Will Higher Tax Rates Balance the Budget?

Professor Antony Davies, Duquesne University, explains why higher tax rates won’t help to balance the budget in this short video.

Here are the points that Professor Antony Davies makes.

The federal government has increased the amount of tax revenue it has collected over the last fifty years. That is because our economy and population has grown over that time period, as has inflation.

A more useful way to analyze tax revenue is to track tax revenue as a percentage of GDP. Each year the government takes a slice of the economy for itself. How big is that slice? That is what percentage of GDP shows. Over the past fifty years, the government’s slice of the pie (percentage of GDP) has been about 18%.

During periods of budget deficits, some politicians call for raising tax rates. Is this effective? In the 1950s the top income tax rate was 90%. It fell to 50% in the 1960s to the 1980s. During this period the government’s slice of the pie (percentage of GDP) was 17%. In 1987 the top tax rate was lowered to 39%, then later to 28%, then back up to 40%, then down to 35%, where it is today. During this period the government’s slice of the pie (percentage of GDP) was around 18%.

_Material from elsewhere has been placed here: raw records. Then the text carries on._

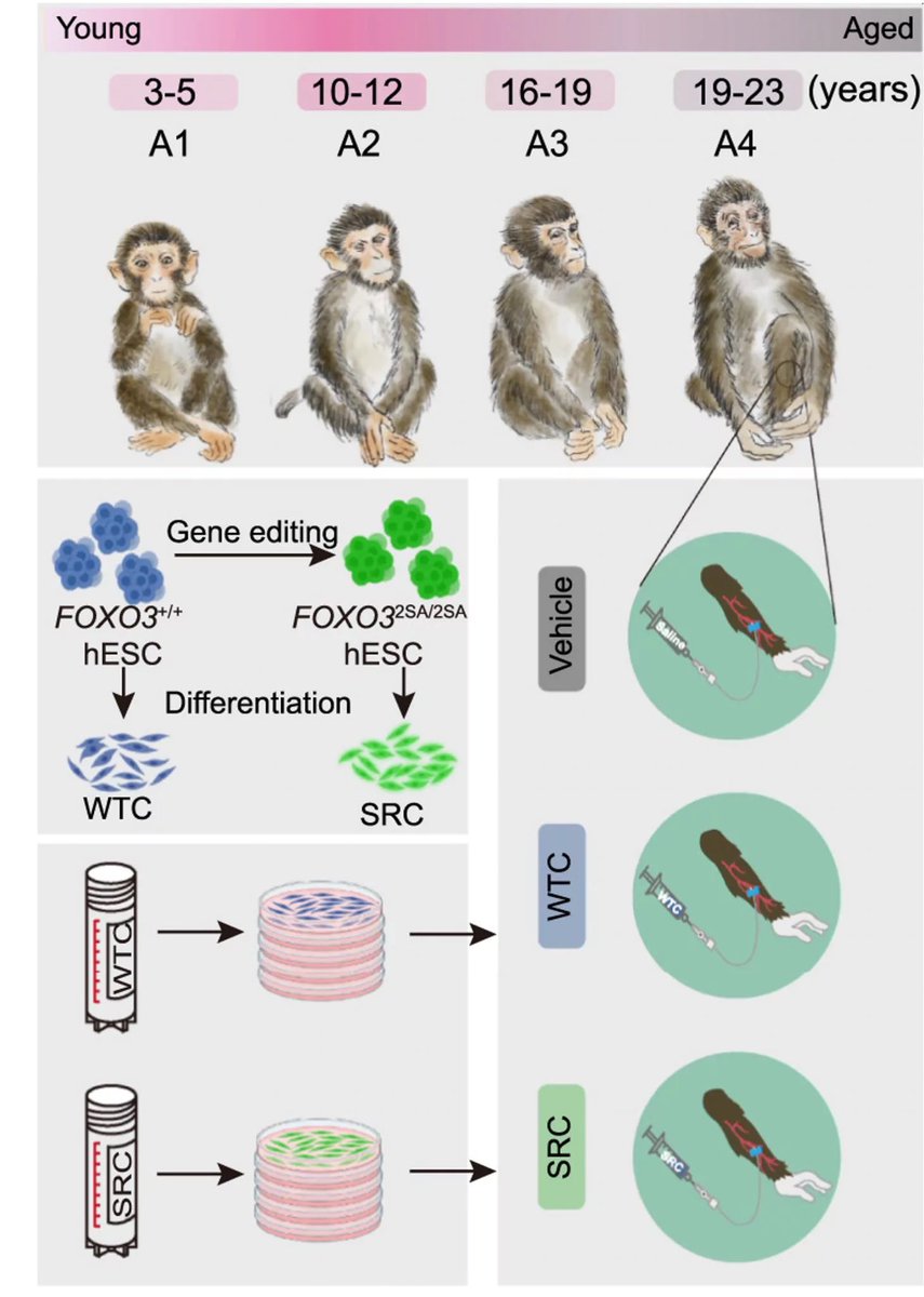 לקחו את הגן הזה, שמגיב למצבי לחץ ומשפר את אריכות החיים באמצעות ויסות ביטוי גנים הקשורים בהתחדשות ותיקון נזק. והכניסו אותו לתאי גזע עובריים וגרמו לביטוי ביתר של החלבון. את התאים עם הגן הזריקו פעמיים בשבוע לקופים זקנים וצעירים. ונתנו להם את הזריקות במשך 44 שבועות. התוצאות מטורפות>
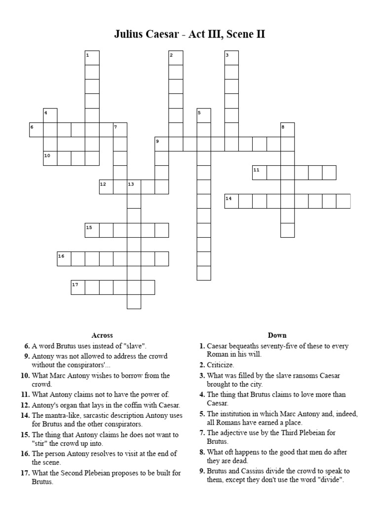 Crossword Julius Caesar Act III Scene II PDF
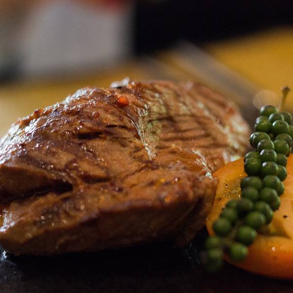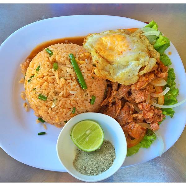 在酒店安顿好之后,我们赶紧要出门觅食了,大众点评在暹粒还是挺好用的。在一条看起来很烂的小路上,我们找到一家整体环境装修都还不错的餐厅,这块放在高温石板上的牛肉味道还不错,切下一片,里面的肉还比较生,如果不喜欢这么生可以直接在高温的石板上烫一下。
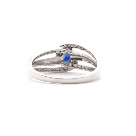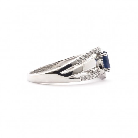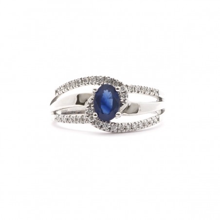 Elle se compose d'un anneau en or blanc 750/000 orné de diamants blancs rehaussé d'un saphir de couleur bleue.
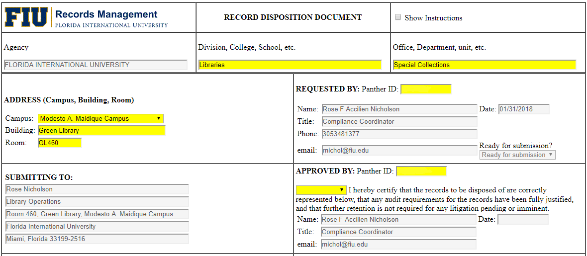 EForm Information & Instructions FIU Records Management
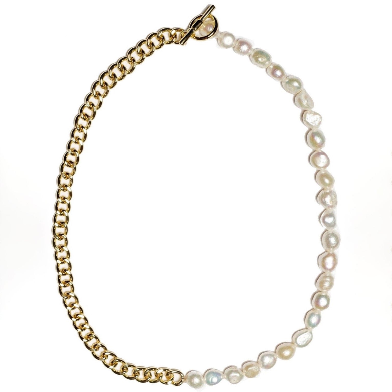 The 50 Necklace is made of 50% fresh water pearls and 50% goltplated stainless steel chunky chain.
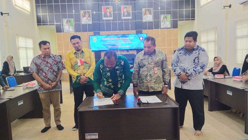 Penandatanganan kerja sama berlangsung fi aula DPMPSPTTK Balangan, Kamis (7/7/2022), antara Rektor ITS Mandiri dengan Kepala DPMPSPTTK Balangan.

The conclusion? It doesn’t matter whether the tax rates on the rich are high or low. The government’s slice of the economic pie stays about the same. The same applies to average income tax rates (not just top rates), capital gains tax rates, and corporate tax rates.

What is the lesson? If we really want to balance the budget, we need to grow the economic pie, not determine how to take a bigger slice. The bigger the economic pie grows, the more tax revenue the government gets. 18% of a large pie is more revenue than 18% of a small pie.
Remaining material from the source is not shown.